All pictures are to be omitted while the lines starting at the line with "وأقرت آلية عمل" and ending at the line with "Estas etiquetas de" in the material below are retyped exactly, both ends included.

_Supplied records_.
-------
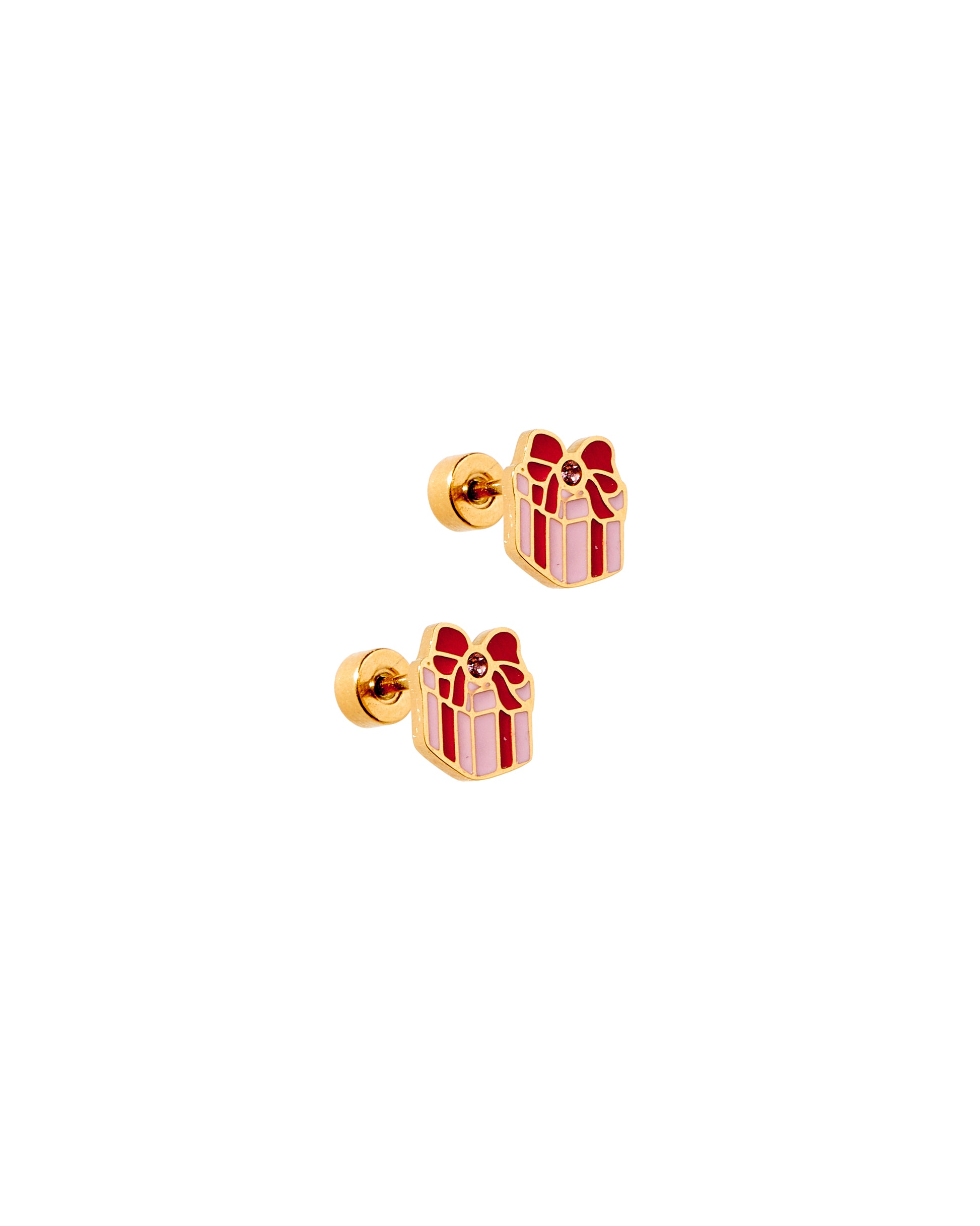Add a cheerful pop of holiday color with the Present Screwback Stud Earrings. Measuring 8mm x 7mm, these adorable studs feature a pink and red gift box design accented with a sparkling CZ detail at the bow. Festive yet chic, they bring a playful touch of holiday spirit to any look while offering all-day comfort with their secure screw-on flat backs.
-------
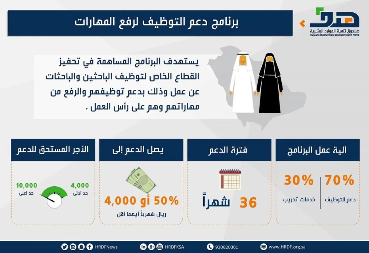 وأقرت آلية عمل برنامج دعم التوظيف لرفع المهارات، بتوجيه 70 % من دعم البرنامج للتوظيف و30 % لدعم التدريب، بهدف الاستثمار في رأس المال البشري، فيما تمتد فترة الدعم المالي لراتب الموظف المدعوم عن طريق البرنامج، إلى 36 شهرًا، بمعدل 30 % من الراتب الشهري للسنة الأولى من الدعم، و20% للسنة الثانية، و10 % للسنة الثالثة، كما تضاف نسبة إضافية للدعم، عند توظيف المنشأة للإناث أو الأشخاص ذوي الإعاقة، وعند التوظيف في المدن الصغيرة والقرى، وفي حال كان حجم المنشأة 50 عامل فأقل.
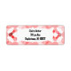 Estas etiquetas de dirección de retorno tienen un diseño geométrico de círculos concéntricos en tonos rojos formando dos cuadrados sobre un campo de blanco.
-------
_Problem solution_.
 وأقرت آلية عمل برنامج دعم التوظيف لرفع المهارات، بتوجيه 70 % من دعم البرنامج للتوظيف و30 % لدعم التدريب، بهدف الاستثمار في رأس المال البشري، فيما تمتد فترة الدعم المالي لراتب الموظف المدعوم عن طريق البرنامج، إلى 36 شهرًا، بمعدل 30 % من الراتب الشهري للسنة الأولى من الدعم، و20% للسنة الثانية، و10 % للسنة الثالثة، كما تضاف نسبة إضافية للدعم، عند توظيف المنشأة للإناث أو الأشخاص ذوي الإعاقة، وعند التوظيف في المدن الصغيرة والقرى، وفي حال كان حجم المنشأة 50 عامل فأقل.
 Estas etiquetas de dirección de retorno tienen un diseño geométrico de círculos concéntricos en tonos rojos formando dos cuadrados sobre un campo de blanco.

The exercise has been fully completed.